## Aim of the exercise
Pictures excluded, please retype exactly the lines from the start of the data through the line that contains "CJCBROES 2.4G Wireless", both ends kept, and nothing beyond them.

(Items from a data source)

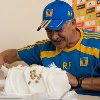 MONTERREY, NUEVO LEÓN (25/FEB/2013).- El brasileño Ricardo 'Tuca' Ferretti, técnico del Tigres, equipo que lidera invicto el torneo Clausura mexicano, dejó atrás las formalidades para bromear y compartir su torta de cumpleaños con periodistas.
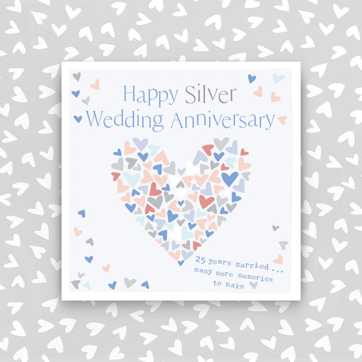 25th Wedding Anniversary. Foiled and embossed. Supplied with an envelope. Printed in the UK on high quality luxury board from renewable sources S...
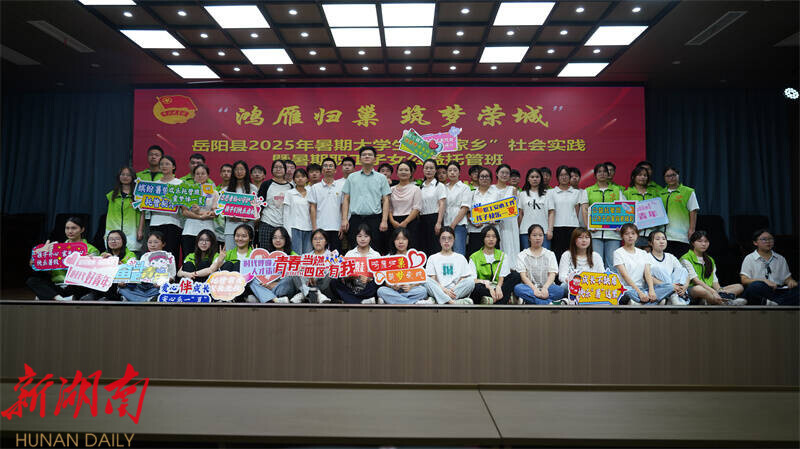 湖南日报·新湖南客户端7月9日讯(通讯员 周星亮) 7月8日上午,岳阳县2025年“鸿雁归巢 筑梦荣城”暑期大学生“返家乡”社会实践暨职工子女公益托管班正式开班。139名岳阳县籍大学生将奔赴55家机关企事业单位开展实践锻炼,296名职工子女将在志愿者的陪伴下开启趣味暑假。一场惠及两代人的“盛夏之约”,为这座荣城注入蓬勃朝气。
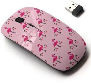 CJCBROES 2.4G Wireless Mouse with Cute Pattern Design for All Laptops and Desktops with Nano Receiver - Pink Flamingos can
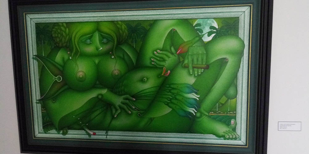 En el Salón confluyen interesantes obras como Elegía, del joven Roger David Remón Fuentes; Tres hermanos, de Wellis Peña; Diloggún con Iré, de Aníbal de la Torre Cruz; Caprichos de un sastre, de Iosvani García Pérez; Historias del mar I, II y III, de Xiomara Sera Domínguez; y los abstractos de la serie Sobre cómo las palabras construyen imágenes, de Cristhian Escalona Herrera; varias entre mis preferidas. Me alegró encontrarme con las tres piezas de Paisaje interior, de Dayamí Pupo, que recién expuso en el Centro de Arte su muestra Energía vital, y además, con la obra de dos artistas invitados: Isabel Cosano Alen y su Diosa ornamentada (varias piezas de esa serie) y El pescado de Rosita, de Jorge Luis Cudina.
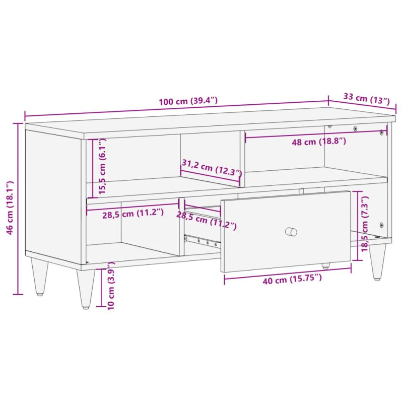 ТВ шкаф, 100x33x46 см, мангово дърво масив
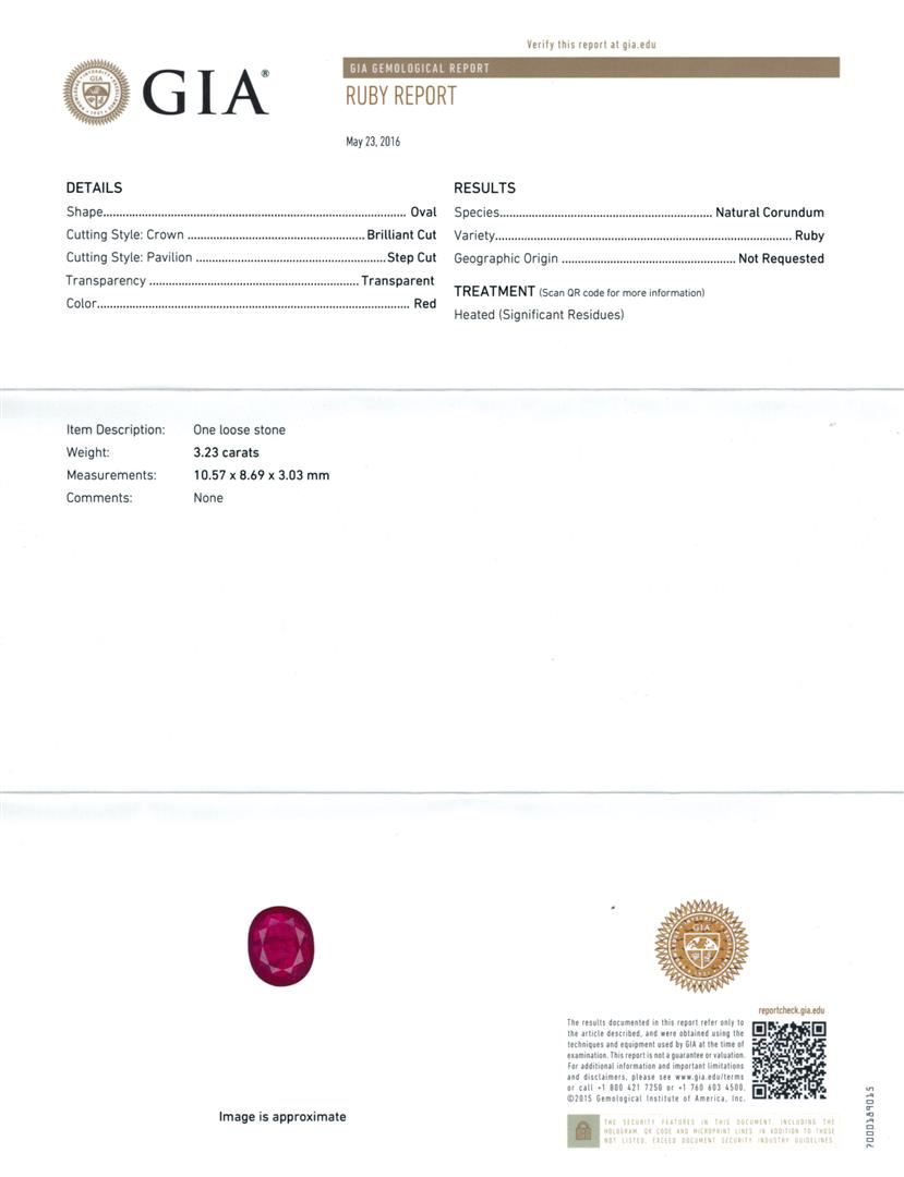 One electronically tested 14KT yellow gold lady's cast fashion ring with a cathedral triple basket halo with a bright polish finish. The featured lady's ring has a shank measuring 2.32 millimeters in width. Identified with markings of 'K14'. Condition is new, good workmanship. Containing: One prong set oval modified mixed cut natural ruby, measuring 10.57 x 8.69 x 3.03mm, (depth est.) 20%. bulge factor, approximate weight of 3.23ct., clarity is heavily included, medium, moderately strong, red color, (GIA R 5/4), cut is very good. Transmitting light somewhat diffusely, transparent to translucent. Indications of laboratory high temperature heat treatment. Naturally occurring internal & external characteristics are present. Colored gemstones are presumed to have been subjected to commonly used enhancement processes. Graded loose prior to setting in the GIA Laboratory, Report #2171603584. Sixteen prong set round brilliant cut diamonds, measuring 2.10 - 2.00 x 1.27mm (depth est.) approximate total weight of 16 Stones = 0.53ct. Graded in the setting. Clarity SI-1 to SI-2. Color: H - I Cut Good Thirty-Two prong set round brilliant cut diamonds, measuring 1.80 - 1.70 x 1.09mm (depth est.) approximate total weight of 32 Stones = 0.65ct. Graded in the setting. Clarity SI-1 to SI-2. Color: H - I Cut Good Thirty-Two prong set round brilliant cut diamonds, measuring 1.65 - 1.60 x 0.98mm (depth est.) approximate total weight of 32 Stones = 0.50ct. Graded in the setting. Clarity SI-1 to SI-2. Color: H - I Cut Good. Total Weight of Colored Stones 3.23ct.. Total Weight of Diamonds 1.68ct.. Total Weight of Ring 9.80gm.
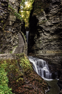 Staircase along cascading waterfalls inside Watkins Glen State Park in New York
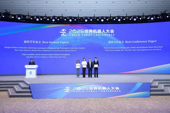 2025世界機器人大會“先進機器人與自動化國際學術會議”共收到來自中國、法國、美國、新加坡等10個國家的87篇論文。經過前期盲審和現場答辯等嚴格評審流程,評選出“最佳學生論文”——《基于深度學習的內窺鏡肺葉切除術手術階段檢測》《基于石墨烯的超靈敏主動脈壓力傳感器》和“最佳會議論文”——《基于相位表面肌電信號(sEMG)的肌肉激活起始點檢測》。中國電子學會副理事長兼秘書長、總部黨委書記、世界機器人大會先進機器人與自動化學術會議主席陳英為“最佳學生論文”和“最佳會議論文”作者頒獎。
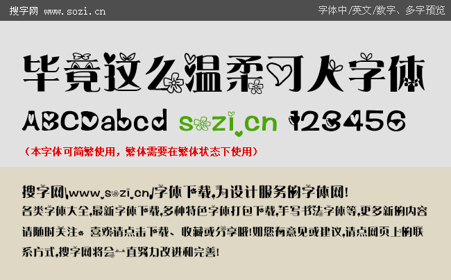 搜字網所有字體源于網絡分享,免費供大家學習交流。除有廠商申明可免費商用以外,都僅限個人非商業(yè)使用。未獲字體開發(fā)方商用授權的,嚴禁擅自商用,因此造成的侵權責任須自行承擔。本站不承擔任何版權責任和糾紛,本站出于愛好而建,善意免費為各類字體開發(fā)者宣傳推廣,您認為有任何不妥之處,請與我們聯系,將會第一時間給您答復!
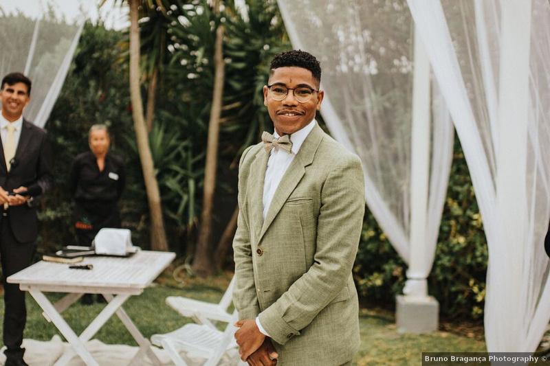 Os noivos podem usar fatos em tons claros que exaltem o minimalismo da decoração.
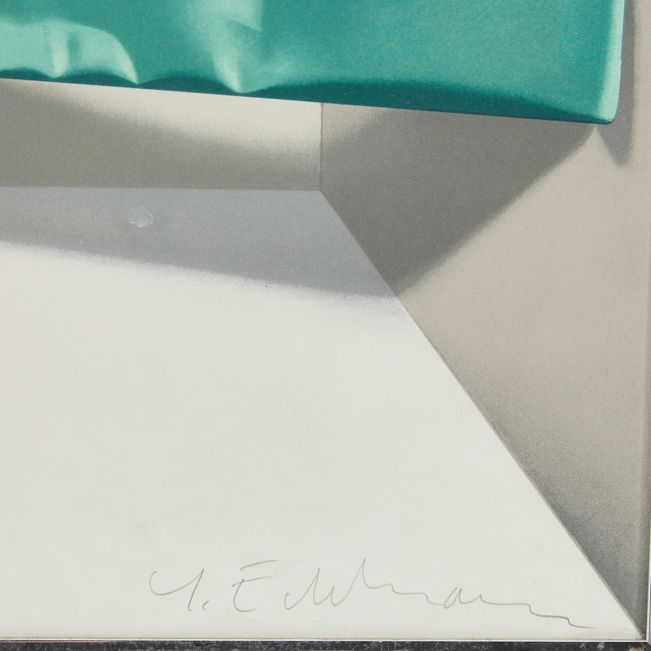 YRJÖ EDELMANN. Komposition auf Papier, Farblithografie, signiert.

## Result
 MONTERREY, NUEVO LEÓN (25/FEB/2013).- El brasileño Ricardo 'Tuca' Ferretti, técnico del Tigres, equipo que lidera invicto el torneo Clausura mexicano, dejó atrás las formalidades para bromear y compartir su torta de cumpleaños con periodistas.
 25th Wedding Anniversary. Foiled and embossed. Supplied with an envelope. Printed in the UK on high quality luxury board from renewable sources S...
 湖南日报·新湖南客户端7月9日讯(通讯员 周星亮) 7月8日上午,岳阳县2025年“鸿雁归巢 筑梦荣城”暑期大学生“返家乡”社会实践暨职工子女公益托管班正式开班。139名岳阳县籍大学生将奔赴55家机关企事业单位开展实践锻炼,296名职工子女将在志愿者的陪伴下开启趣味暑假。一场惠及两代人的“盛夏之约”,为这座荣城注入蓬勃朝气。
 CJCBROES 2.4G Wireless Mouse with Cute Pattern Design for All Laptops and Desktops with Nano Receiver - Pink Flamingos can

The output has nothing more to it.